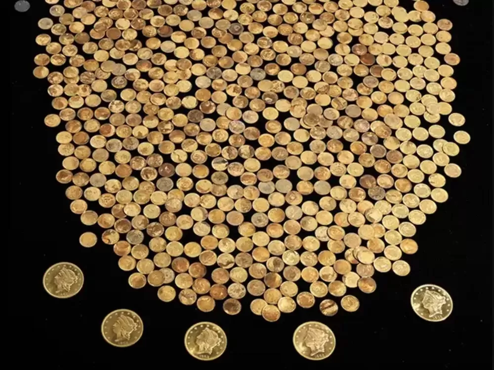 Szczęśliwiec, którego nazwisko pozostaje nieznane, wykopał ponad 700 złotych monet na początku 2023 roku. Jego odkrycie zawiera setki złotych monet dolarowych z lat 1854-1862, kolekcję najbardziej znanych podwójnych orłów z 1863 r., a także niewielką liczbę srebrnych monet. Co więcej, kolekcja zawiera też niezwykle rzadkie monety z mennicy Dahlonega.
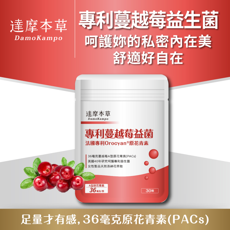 商品組合/規格:【達摩本草】專利蔓越莓益生菌(30顆/包)商品重(容)量:30顆/包
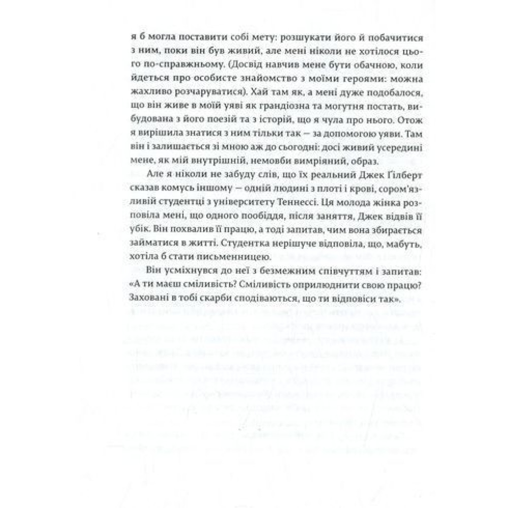 Элизабет Гилберт — популярная писательница из США, прославившаяся на весь мир автобиографическим романом «Есть, молиться, любить», опубликованном в 2006 году. Творчество автора завязано на жизненном укладе современных женщин. Любовь, романтика, семейный быт и путешествия верны спутники каждой книги автора. В ее произведениях можно найти изображения абсолютно всех женщин.
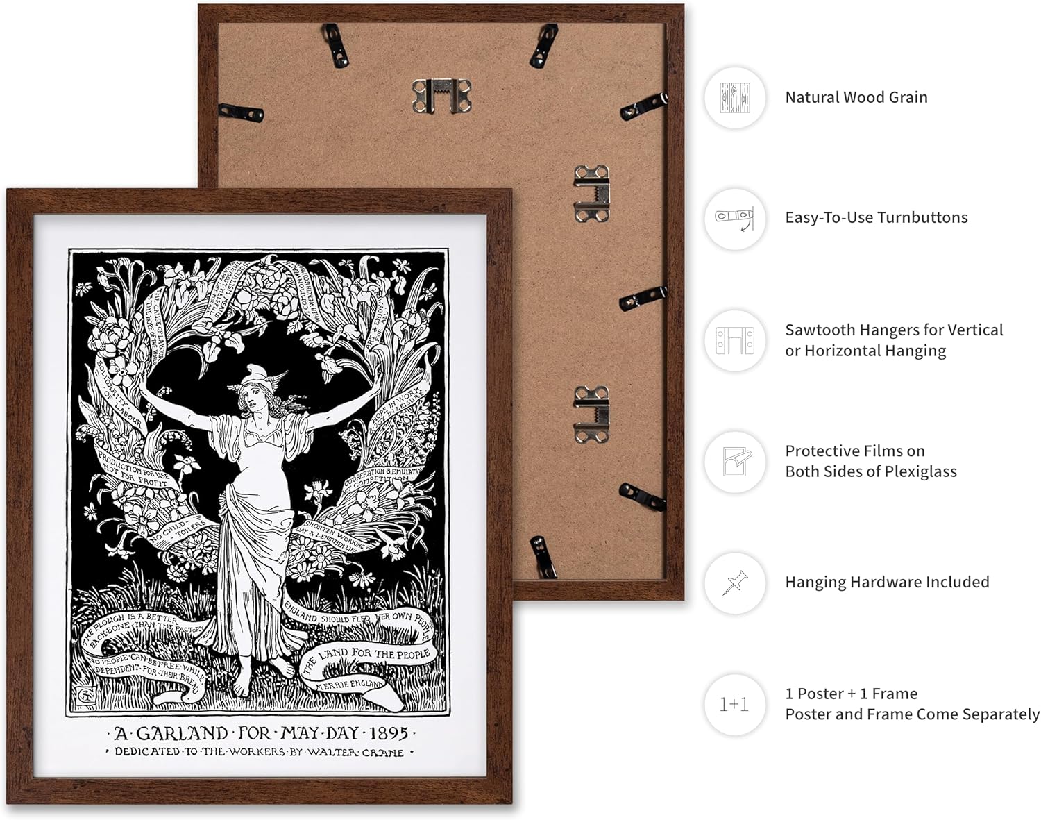Poster Master Vintage Walter Crane Poster - Retro A Garland for May Day Print - Socialist Art - Gift for Him, Her, Men, Women - Wall Decor for Home, Office, Living Room, 16x20 Brown Framed
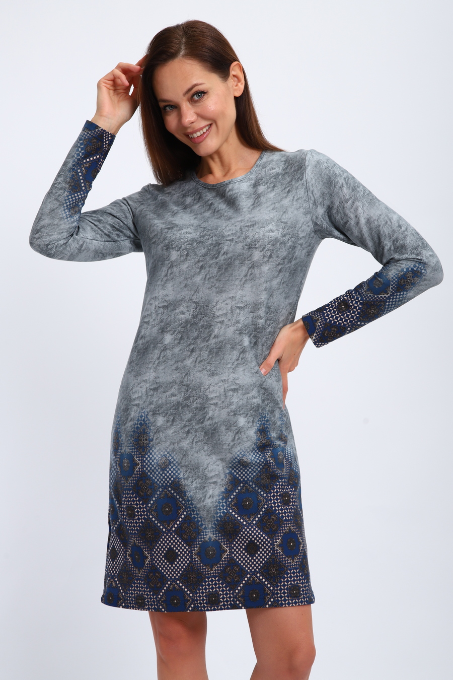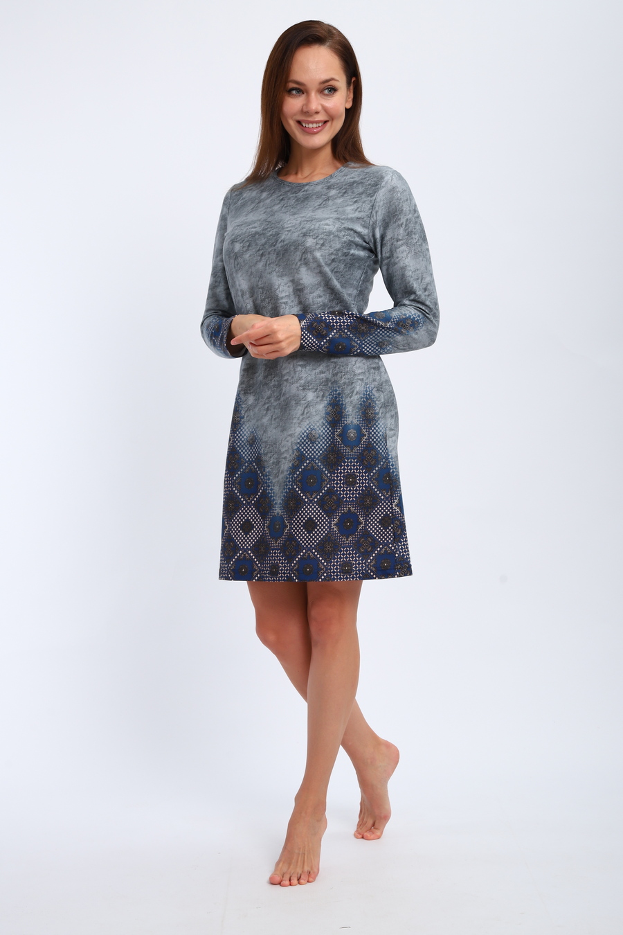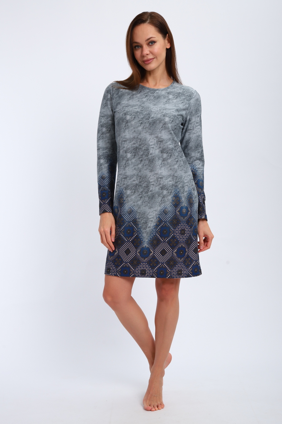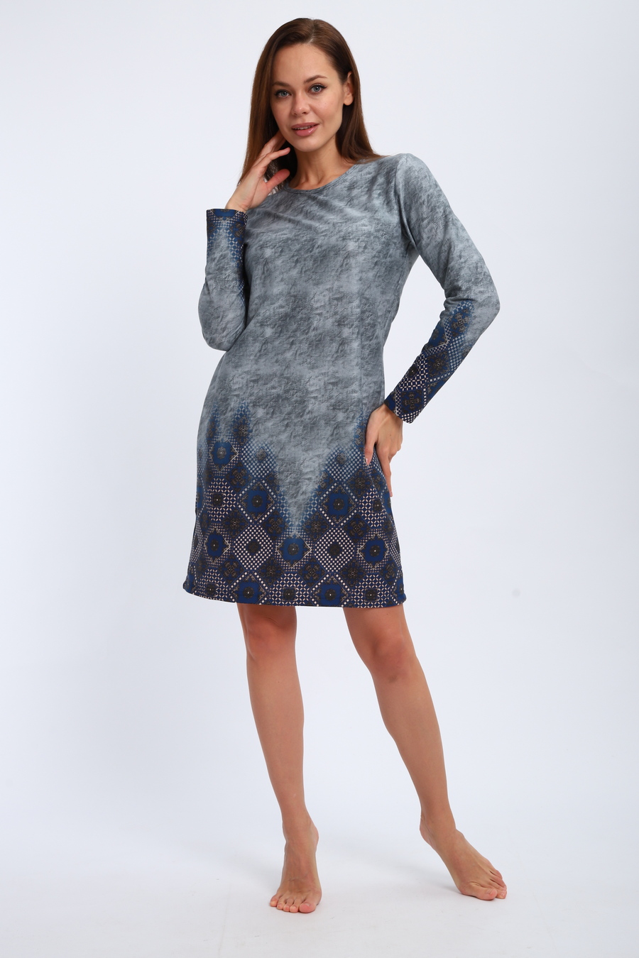 Ночная сорочка из интерлока Соня / Серо-голубой
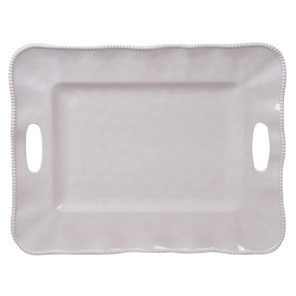 Introducing the Perlette Cream Rectangular Tray, a stylish and versatile addition to your home decor. With convenient handles and a spacious 19x15 inch size, this tray is perfect for serving and organizing. Elevate any room with the elegant Perlette design.
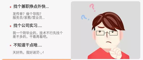 先說暑期實習兼職。就目前來看,是可以掙到一部分的錢,但很多都是哪時間來換錢,往往大家都最容易犯的一個錯誤就是低估時間的價值,如果在同樣的時間,換成參加實訓學習,可能結果就會有很大差距。
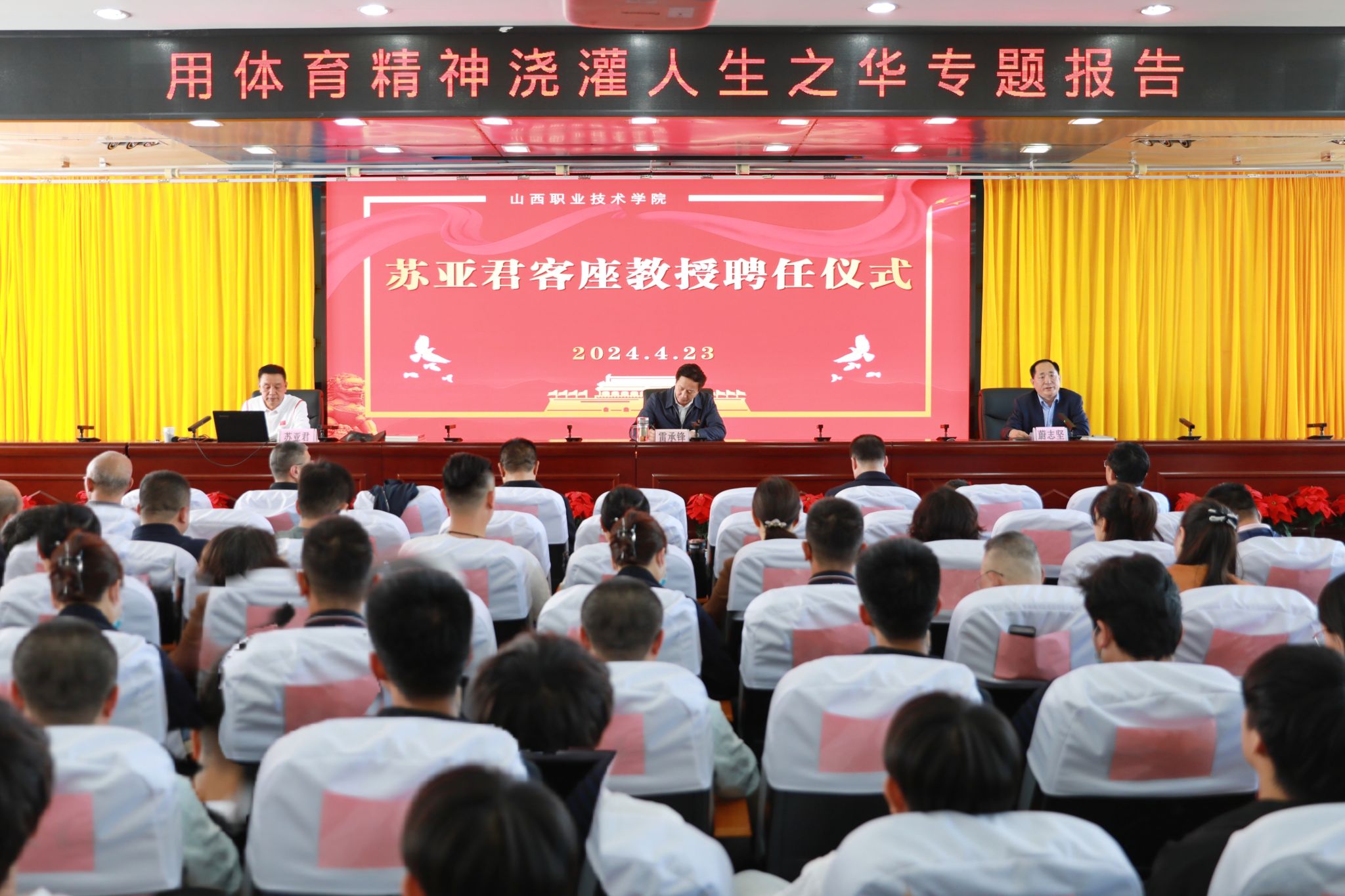4月23日下午3时,原山西省体育总会主席、山西省体育局原党组书记、局长苏亚君受开云官网邀请在坞城校区七楼会议室参加客座教授聘任仪式并做专题报告。党委书记雷承锋等全体院领导,学生工作部、团委、思想政治与理论教学研究部、体育教育部全体人员,各系部党总支书记、以及学生代表共同聆听了报告会。全院师生在线上参加报告会。报告会由党委委员、副院长蔚志坚主持。

┄┄┄┄┄┄

§ **Exercise objective**: Quote, please, every line of the material above from its start through the line that has "商品組合/規格:【達摩本草】", reproducing the words exactly and dropping any images.

§ **Response to the task**:
 Szczęśliwiec, którego nazwisko pozostaje nieznane, wykopał ponad 700 złotych monet na początku 2023 roku. Jego odkrycie zawiera setki złotych monet dolarowych z lat 1854-1862, kolekcję najbardziej znanych podwójnych orłów z 1863 r., a także niewielką liczbę srebrnych monet. Co więcej, kolekcja zawiera też niezwykle rzadkie monety z mennicy Dahlonega.
 商品組合/規格:【達摩本草】專利蔓越莓益生菌(30顆/包)商品重(容)量:30顆/包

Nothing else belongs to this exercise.